Heartbleed flaw described as 'catastrophic' by experts: 'On the scale of 1 to 10, this is an 11'
Damage from the recently discovered flaw is impossible to assess, although most major companies have already secured their websites
A software bug that has gone unnoticed for two years has exposed sensitive data in as many as two out of every three web servers, say researchers.
The ‘heartbleed’ bug is a flaw in the widely-used web encryption software known as OpenSSL. Google, Facebook and Yahoo are some of the major companies that use SSL technology – most recognisable to users as the padlock that appears in the address bar of your browser.
Bruce Schneier, a security expert who has been covering the industry for years, described the flaw as 'catastrophic': "On the scale of 1 to 10, this is an 11," wrote Schneier in a blog post.
Since the flaw was discovered by researchers from Google and Finnish security group Codenomicon, webmasters have scrambled to update their software and protect users’ data, although some researchers warn that it is already too late.

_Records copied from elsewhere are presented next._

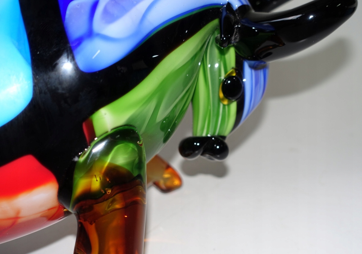 Статуэтка демонстрирует красоту такого чудесного животного, как бык; отлично сделано. Пожалуйста, обратите особое внимание на точность его изготовления (выполнено в итальянском стиле Мурано), а также на уникальные цвета и узоры внутри экспоната.
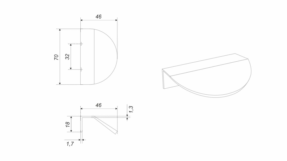 VIVA RT012 — торцевая ручка из алюминия, с геометричным выступом в форме полукруга. Для удобства захвата на ручках увеличен отступ язычка, а на его внутренней стороне предусмотрено рифление. Устанавливается наложением, подходит для фасадов толщиной до 18 мм.
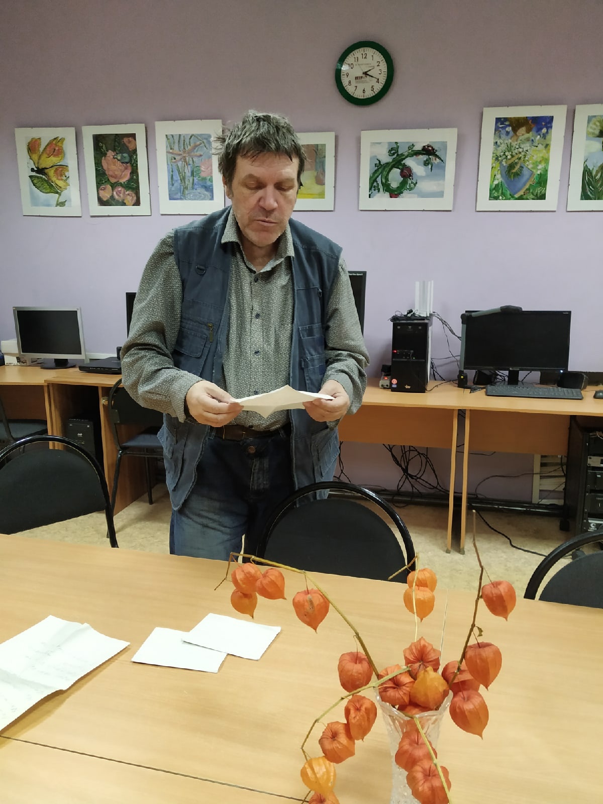 Домашним заданием было продолжить стихотворение, которое начинается так: «Догорает осень рыжим пламенем…» Члены кружка представили на суд товарищей свои произведения. Все вместе оценили их, отметили положительные стороны и недостатки, назвали лучшее произведение. Им, по общему мнению, оказалось стихотворение Евгении Поповой. Своё профессиональное слово сказал Николай Васильевич, дал советы.
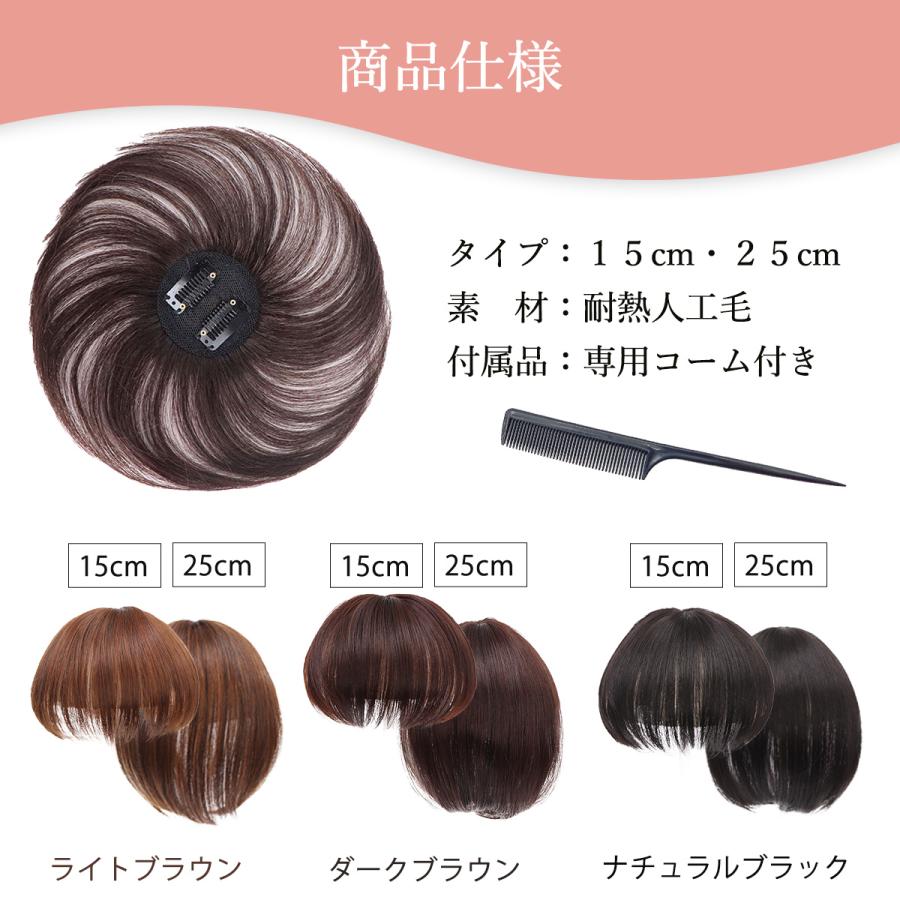 髪色に合わせて3カラーからお選びいただけます。さらに長さも15cm、25cmの2タイプご用意!より自然に地毛に馴染むヘアピースをご購入いただけます♪専用コーム付き。
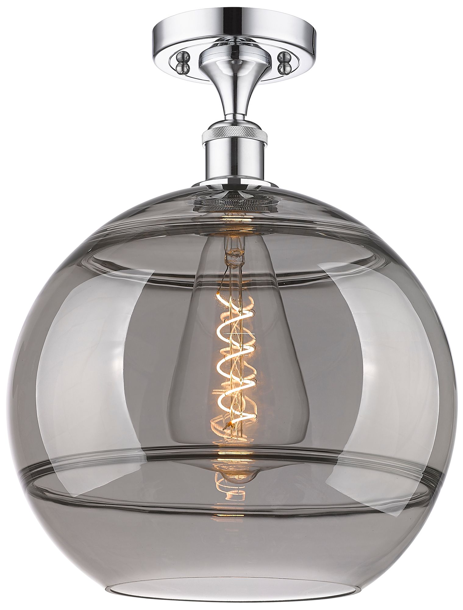 Ballston Rochester 12"W Chrome Semi-Flush Mount w/ Light Smoke Shade
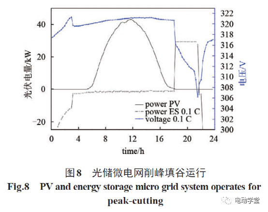 將篩選并成組后的退役動(dòng)力鋰電池應(yīng)用于光儲(chǔ)微電網(wǎng)系統(tǒng)中,設(shè)置電池放電倍率為0.1C,充電倍率為0.05C,并依據(jù)當(dāng)?shù)胤骞入妰r(jià)時(shí)段進(jìn)行充放電,實(shí)現(xiàn)削峰填谷,運(yùn)行結(jié)果如圖8所示。
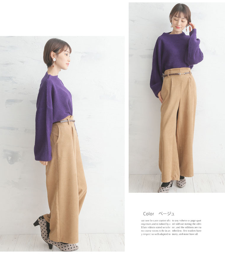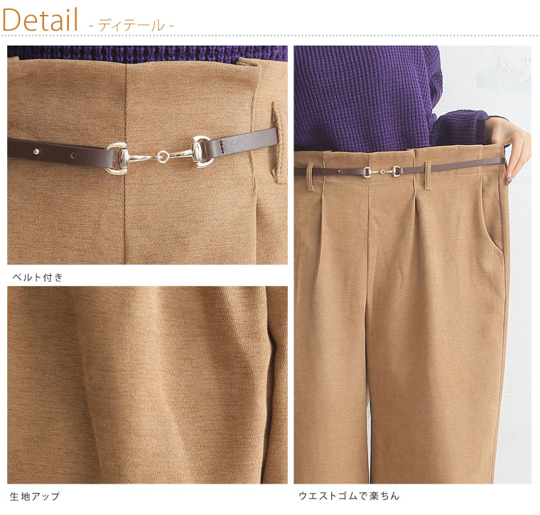 ベルト付きでウエストラインすっきり!!下半身をしっかりカバー出来るワイドパンツ
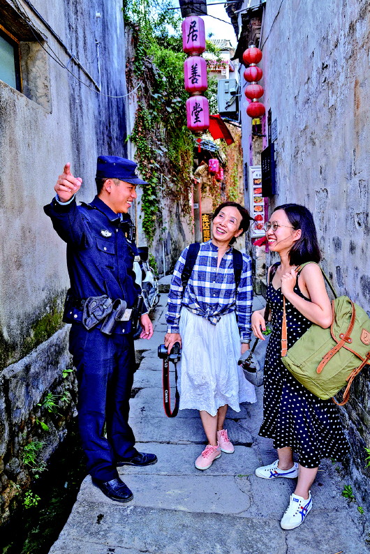 圖為黃山市宏村派出所民警在景區(qū)幫助游客。通訊員 程大亮 攝
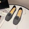 New spring and autumn flying woven single shoes Doudou woven flat bottom square head women's ladyshoes
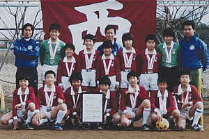低学年時は人数が少なく、徐々に増えて、高学年になるにしたがって成績が残せた世代です。おとなしい子が多かったですが、みんな楽しんでサッカーをしていました。
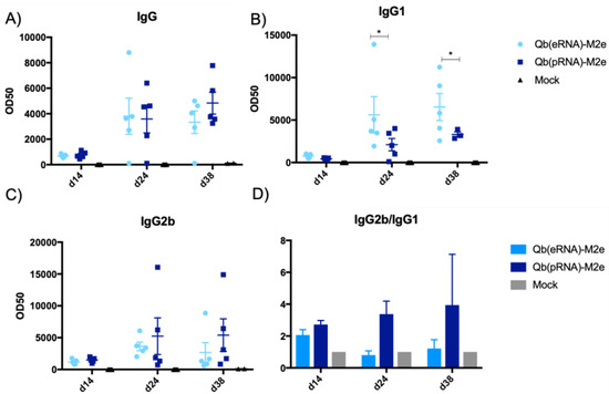 Figure 6. Humoral responses against M2e. Circulating levels of IgG, IgG1 and IgG2b measured on day 14, day 24 and day 38. Vaccine dose was 50 μg of VLP, injected s.c. Qβ(eRNA)-M2e induces significantly higher levels of antigen-specific IgG1 compared to the other vaccines (* p > 0.04) against VLP and M2. Ratios of IgG2b:IgG1 are represented as the ratio of the isotype geometric mean titres (OD50). Antibody data represented as mean + SEM, n = 5. Ratio represented by mean ratio of IgG2b/IgG1 + SEM. N = 5.
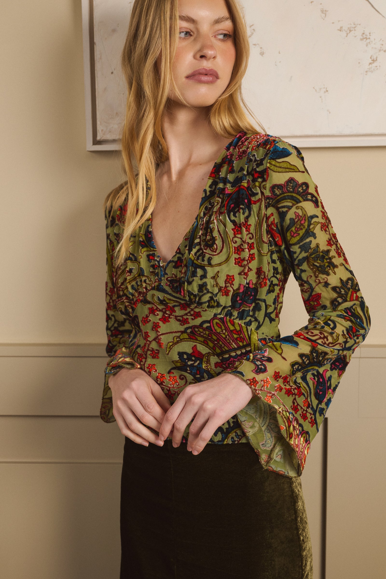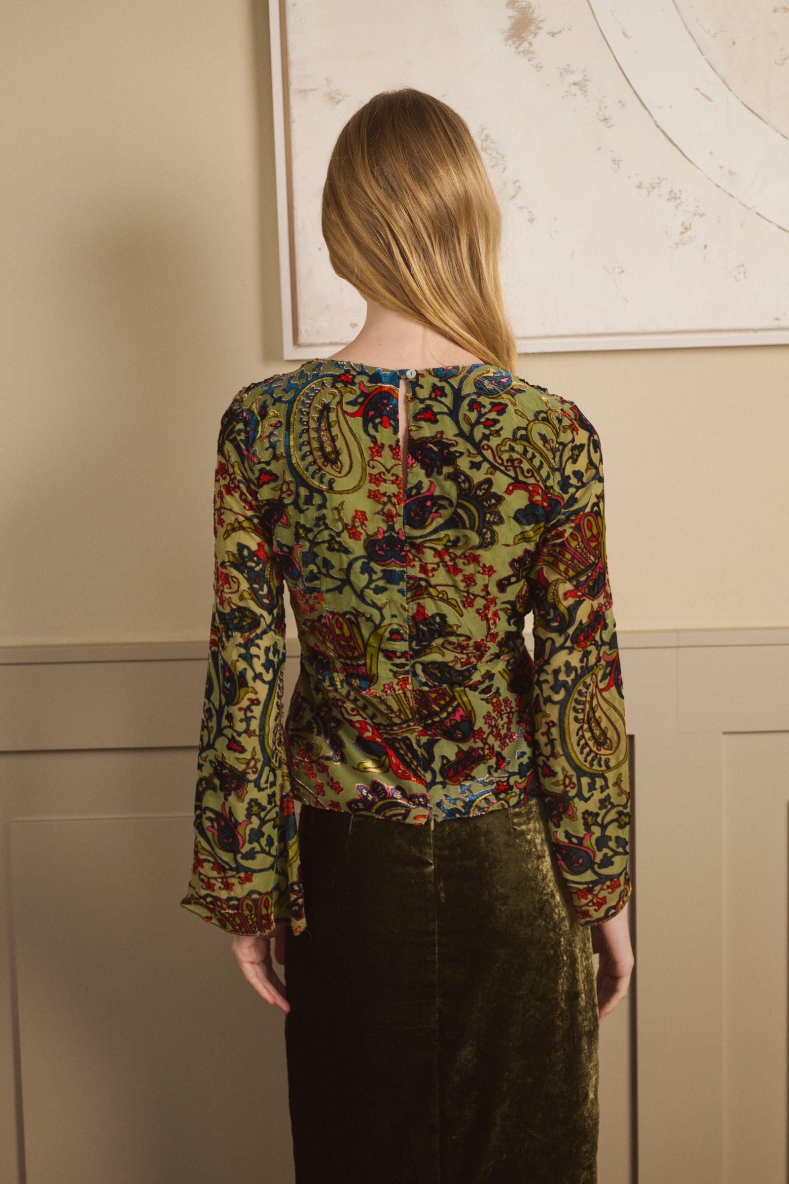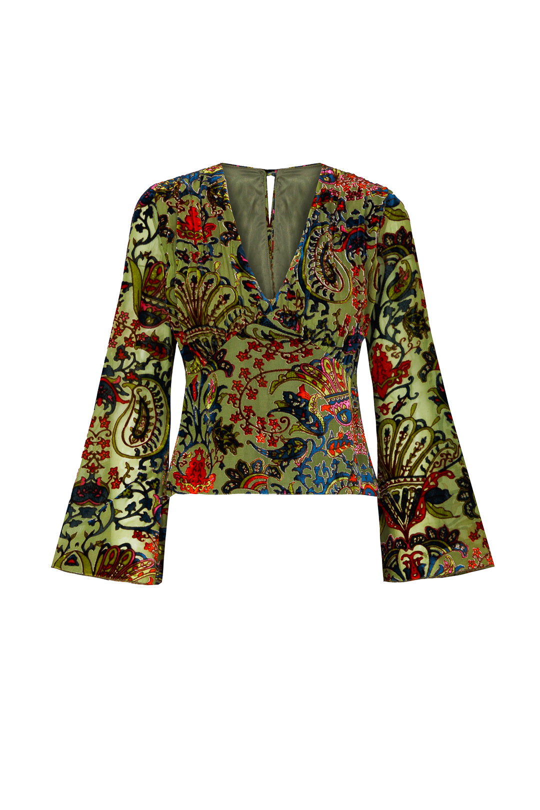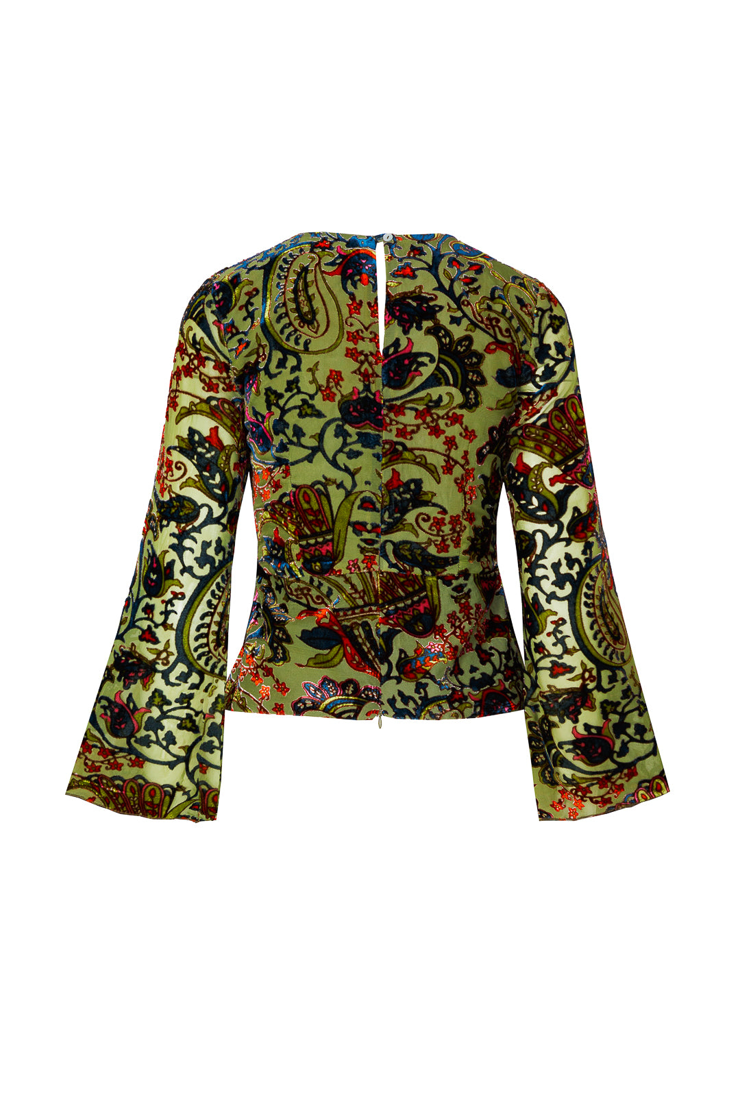 Blusa confeccionada en terciopelo estampado tonos verdes, rojos, azules y dorados, creando un look vibrante y elegante.
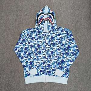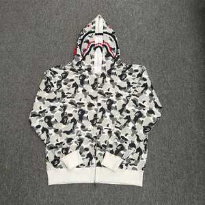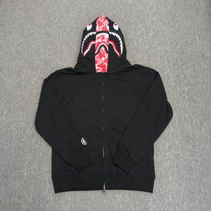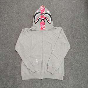 跨境ins超火外贸鲨鱼头双帽黑粉卫衣男女开衫拉链潮牌情侣外套

The bug allowed attackers to pull random chunks of information from the memory of a server, meaning that everything from passwords and usernames to credit card numbers and home addresses could have been taken. As many as half a million websites are thought to have been affected.
The padlock in browser used to signal that HTTPS encryption is being used has been unsafe for more than two years.
The scale of the damage might never be known but the bug is thought to be the most serious uncovered in recent years. Some websites are encouraging users to change their passwords while others are advising that until they have confirmed that the bug has been fixed, changing passwords will do nothing.
Other security researchers have given more practical advice: “If you need strong anonymity or privacy on the Internet, you might want to stay away from the Internet entirely for the next few days while things settle.”
Google says that it has already “applied patches to key Google services” while Yahoo says that it has “made the appropriate corrections across the main Yahoo properties”. Facebook too, says that it has addressed the issues
Unfortunately, there’s not much that individual users can do to protect against ‘heartbleed’ – the responsibility is with the companies tasked with operating individual websites.